How Can I Prevent an Exception Raised By a Child Taking Down the Whole Nursery

Question

Consider the following code:

import trio


async def broken_fn():
    await trio.sleep(4)
    print(1 / 0)


async def worker_fn():
    while True:
        print("working...")
        await trio.sleep(1)


async def main():
    async with trio.open_nursery() as nursery:
        nursery.start_soon(broken_fn)
        nursery.start_soon(worker_fn)


trio.run(main)

How do I prevent the exception raised by broken_fn to abort its siblings in the nursery without touching the definition of broken_fn?
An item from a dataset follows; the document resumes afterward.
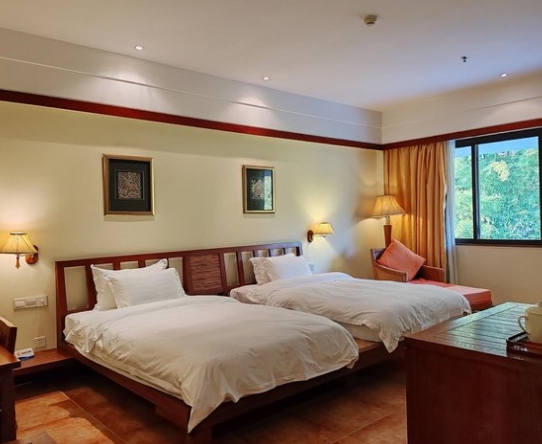 国内长途电话、国际长途电话、拖鞋、书桌、24小时热水、电热水壶、洗漱用品(6样以上)、瓶装水、迷你吧、小冰箱、浴衣、多种规格电源插座、110V电压插座、吹风机、中央空调、湖景、花园景、山景、私人温泉

Is the following the best way?

async def main():
    async def supress(fn):
        try:
            await fn()
        except Exception as e:
            print(f"caught {e}!")

    async with trio.open_nursery() as nursery:
        nursery.start_soon(supress, broken_fn)
        nursery.start_soon(worker_fn)

Do I have any other options?

Answer 1

There is no mechanism in start_soon() to ignore exceptions, if that's what you're looking for.

You could also do this in a generic fashion, so as not to build wrappers for each individual function:

from contextlib import suppress
from functools import wraps
from typing import Callable

def suppressed(func: Callable, *exceptions: BaseException):
    @wraps(func)
    async def wrapper(*args, **kwargs):
        with suppress(*exceptions):
            return await func(*args, **kwargs)
        
    return wrapper

Then:

async with trio.open_nursery() as nursery:
    nursery.start_soon(suppressed(broken_fn, Exception))
    nursery.start_soon(worker_fn)